═════ RECORD EXTRACTS ═════

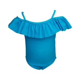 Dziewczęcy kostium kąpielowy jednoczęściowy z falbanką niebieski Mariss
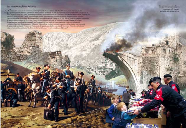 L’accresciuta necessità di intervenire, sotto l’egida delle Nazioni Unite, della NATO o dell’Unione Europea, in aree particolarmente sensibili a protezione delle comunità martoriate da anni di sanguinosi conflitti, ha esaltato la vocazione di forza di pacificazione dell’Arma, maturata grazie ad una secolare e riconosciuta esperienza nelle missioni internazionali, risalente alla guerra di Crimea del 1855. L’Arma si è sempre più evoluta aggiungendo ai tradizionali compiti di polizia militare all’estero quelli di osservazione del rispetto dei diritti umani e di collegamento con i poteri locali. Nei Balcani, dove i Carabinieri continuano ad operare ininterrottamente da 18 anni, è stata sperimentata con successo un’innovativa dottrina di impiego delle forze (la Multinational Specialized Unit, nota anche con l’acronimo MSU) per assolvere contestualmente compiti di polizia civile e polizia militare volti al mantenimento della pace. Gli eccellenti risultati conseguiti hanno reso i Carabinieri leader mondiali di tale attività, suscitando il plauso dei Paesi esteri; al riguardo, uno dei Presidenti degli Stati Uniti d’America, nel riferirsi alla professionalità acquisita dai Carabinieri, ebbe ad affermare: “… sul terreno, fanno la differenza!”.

═════
═════ RECORD EXTRACTS ═════

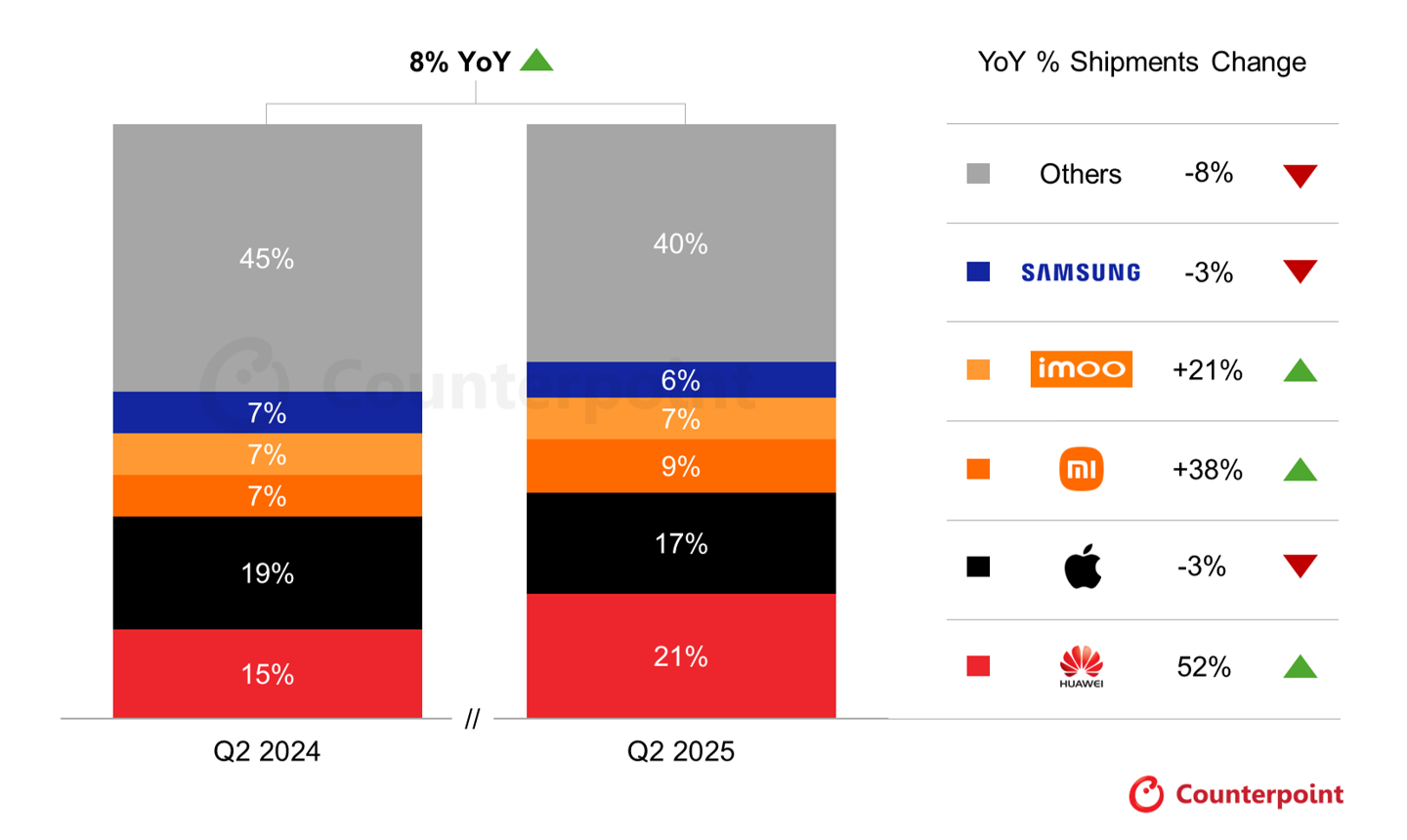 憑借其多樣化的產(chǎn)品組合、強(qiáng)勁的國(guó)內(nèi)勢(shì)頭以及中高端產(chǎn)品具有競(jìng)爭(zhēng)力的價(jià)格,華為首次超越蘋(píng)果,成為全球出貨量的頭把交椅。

═════

Leave out the images and write out the lines above exactly, from the one with "Dziewczęcy kostium kąpielowy" up to and including the one with "L’accresciuta necessità di".

- ANSWER BOX
 Dziewczęcy kostium kąpielowy jednoczęściowy z falbanką niebieski Mariss
 L’accresciuta necessità di intervenire, sotto l’egida delle Nazioni Unite, della NATO o dell’Unione Europea, in aree particolarmente sensibili a protezione delle comunità martoriate da anni di sanguinosi conflitti, ha esaltato la vocazione di forza di pacificazione dell’Arma, maturata grazie ad una secolare e riconosciuta esperienza nelle missioni internazionali, risalente alla guerra di Crimea del 1855. L’Arma si è sempre più evoluta aggiungendo ai tradizionali compiti di polizia militare all’estero quelli di osservazione del rispetto dei diritti umani e di collegamento con i poteri locali. Nei Balcani, dove i Carabinieri continuano ad operare ininterrottamente da 18 anni, è stata sperimentata con successo un’innovativa dottrina di impiego delle forze (la Multinational Specialized Unit, nota anche con l’acronimo MSU) per assolvere contestualmente compiti di polizia civile e polizia militare volti al mantenimento della pace. Gli eccellenti risultati conseguiti hanno reso i Carabinieri leader mondiali di tale attività, suscitando il plauso dei Paesi esteri; al riguardo, uno dei Presidenti degli Stati Uniti d’America, nel riferirsi alla professionalità acquisita dai Carabinieri, ebbe ad affermare: “… sul terreno, fanno la differenza!”.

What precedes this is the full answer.